Neuromas can arise from different types of nervous tissue, including the nerve fibers and their myelin sheath, as in the case of genuine neoplasms (growths) like ganglioneuromas and neurinomas.

The term is also used to refer to any swelling of a nerve, even in the absence of abnormal cell growth. In particular, traumatic neuroma results from trauma to a nerve, often during a surgical procedure. Morton's neuroma affects the foot.
Neuromas can be painful, or sometimes, as in the case of acoustic neuromas, can give rise to other symptoms.

== Neoplasms ==
- Acoustic neuroma - a slow-growing, benign tumor of the acoustic nerve. Symptoms, which most often start after the age of 30, can include dizziness, headache, vertigo, loss of balance, ringing sensations, and numbness.
- Ganglioneuroma - a tumor of the sympathetic nerve fibers arising from neural crest cells.
- Pacinian neuroma - a very rare, painful, benign hyperplastic tumor of Pacinian corpuscles (mechanoreceptors responsible for sensitivity to vibration and pressure), sometimes linked to a history of local trauma.

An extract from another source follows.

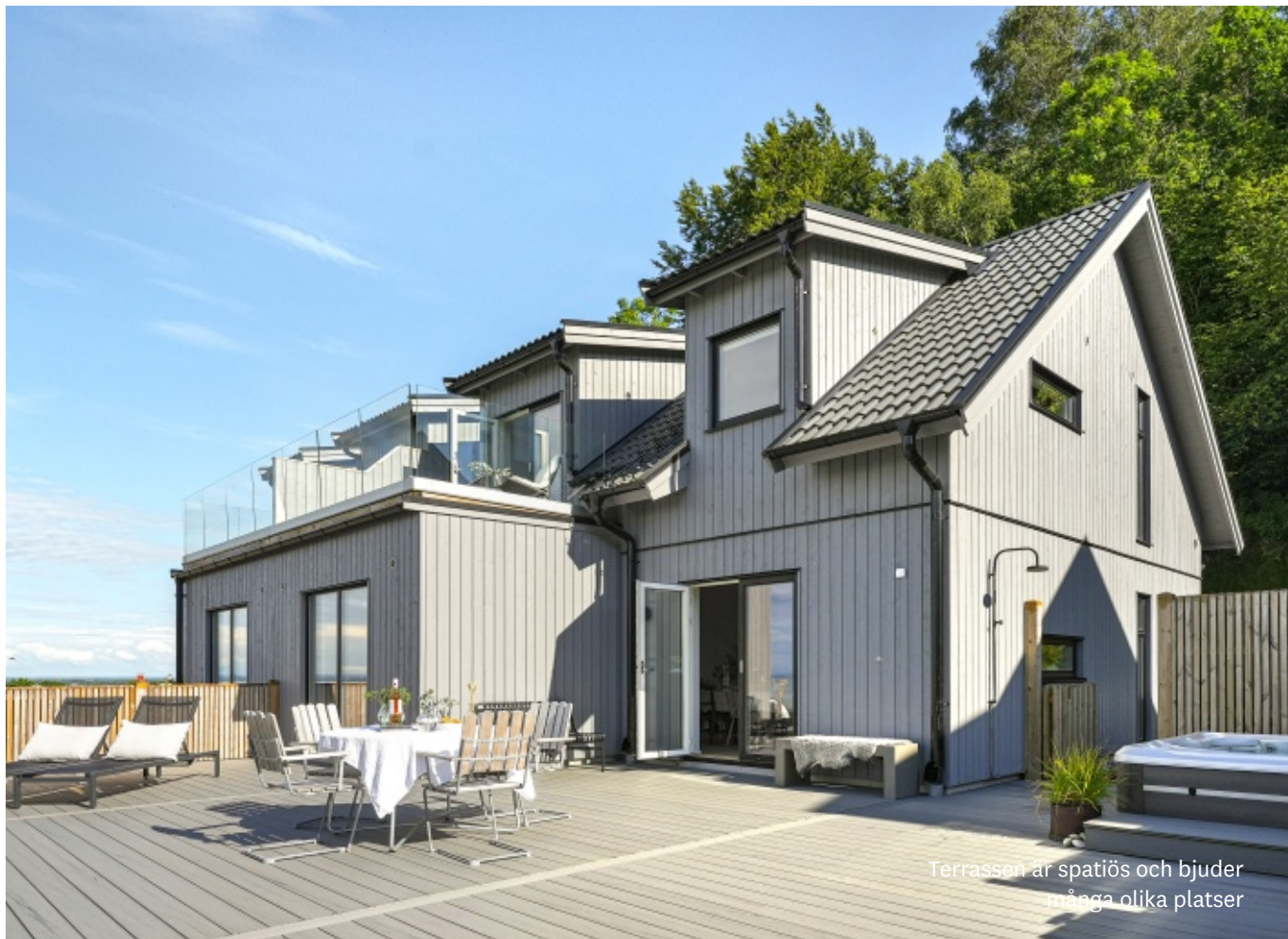
Terrassen är spaciös och bjuder många olika platser

== Other nerve swellings ==
Some of the benign varieties of neuroma, in the broadest sense of the term, are not neoplasms.
- Traumatic neuroma follows different forms of nerve injury (often as a result of surgery). They occur at the end of injured nerve fibres as a form of ineffective, unregulated nerve regeneration; it occurs most commonly near a scar, either superficially (skin, subcutaneous fat) or deep (e.g., after a cholecystectomy). They are often very painful. Synonyms include scar neuroma, amputation neuroma, or pseudoneuroma.
- Morton's neuroma (a mononeuropathy of the foot) is another example of the more general usage of the term neuroma. Some prefer the term "Morton's metatarsalgia", thus avoiding the term neuroma and its association with tumors.

==Etymology==
The stem neuro- originates from the Greek word for nerve (νεῦρον), while the suffix -oma (-ωμα) denotes swelling. The stem does not imply that neuromas necessarily arise from neurons; neuromas generally arise from non-neuronal nerve tissues. The word was originally used to refer to any nerve tumor, but its meaning has evolved.